Renda believes that what the report talks about is still the challenges faced by the EU over the past 20 years, rather than dealing with potential future crises.
He criticized that the report failed to formulate contingency plans for future development if it is not satisfactory.
Former French ambassador to the United States, Israel, and the United Nations, GĂ©rard Araud, affirmed the diagnosis of the EU's various problems in the "Draghi Report," and believed that the prescriptions in the report also have a "shock" effect.
However, Araud pointed out that the challenges faced by the EU are far more than those revealed by Draghi.
Araud listed these challenges, such as the Russia-Ukraine conflict on the European continent; various geopolitical risks in the Near East and Middle East near Europe; the refugee crisis; the pattern of Germany relying on cheap energy from Russia, foreign exports, and American protection has been broken; France is falling into a political crisis, and its influence within the EU will also be greatly reduced; populist movements are rising all over Europe; moderate parties in EU countries are easily succumbing to the will of the aging population demanding protection rather than innovation, making the EU look more like a nursing home than an innovative enterprise.

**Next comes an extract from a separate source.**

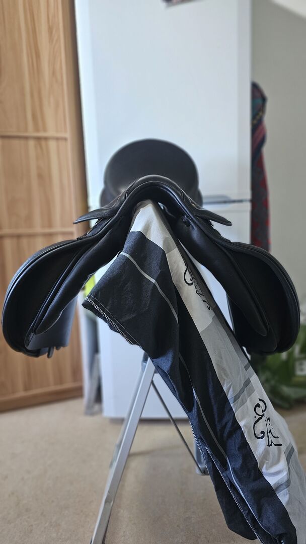 Siodło jest odpowiednie dla bardzo szerokich koni, było na mojej mieszance Noriker-Haflinger. Do tej pory nie dokonano żadnych regulacji siodła. Ponieważ mogę go używać zbyt rzadko ze względu na zdrowie mojego konia, mam wielką nadzieję, że nowy koń i zespół ludzki będą cieszyć się siodłem przez wiele lat.

Speaking of the last challenge, Araud pointed out that more and more EU researchers and engineers are going to the United States, where they can find the necessary funding and an environment conducive to entrepreneurship.
As someone said, "America innovates, Europe regulates."

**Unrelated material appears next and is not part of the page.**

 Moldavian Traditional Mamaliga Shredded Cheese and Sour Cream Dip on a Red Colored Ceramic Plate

As a former French ambassador to the United States, Araud said with frustration that he often encounters some young French people going to the United States to realize an idea or a patent, or to conduct research, because these young French people know that everything will become easier on the other side of the Atlantic.
"You can't help but ask: while creating the future elsewhere, is the European continent becoming just an enviable tourist destination because of its scenery, monuments, and quality of life?"
Araud wrote in his article submitted to the French "Le Point": The EU Commission has just published the "Draghi Report," which proposes bold action plans to help the European continent out of the trough, but most countries remain silent, and Berlin has explicitly refused.
At the end of his article, he questioned: Does this mean we should be desperate?
Do Europeans intend to continue watching the awakening history?
Perhaps the onlookers see more clearly.
In the United Kingdom, which has already withdrawn from the EU, columnist Janan Ganesh's evaluation of the "Draghi Report" is neither "praise" nor "criticism."
He wrote in the British "Financial Times" that the EU does not need to be anxious about the gap with the United States because "after all, the European continent is a different place."
The EU is a loose union composed of a group of ethnic nations with different languages and cultures.
It has avoided mutual slaughter in the two world wars in the first half of the 20th century and has reached a level of mutual tolerance and mutual support today, which is quite good.
At the end of the article, Ganesh, who was born in Nigeria and later immigrated to the United Kingdom, wrote: "I would rather live in Europe, and I do live in Europe.
The frequency with which American elites come to the European continent for vacation far exceeds the frequency with which European elites go to the United States for vacation, which is very revealing.
In fact, Europe's reluctance to reform is closely related to the fact that there are enough people living a sweet life here."
It is not clear whether his words are praise or criticism, but if you think about it carefully, Ganesh's "Americans come to Europe for vacation" and Araud's "Europeans go to the United States to start a business" seem to be two sides of the same coin.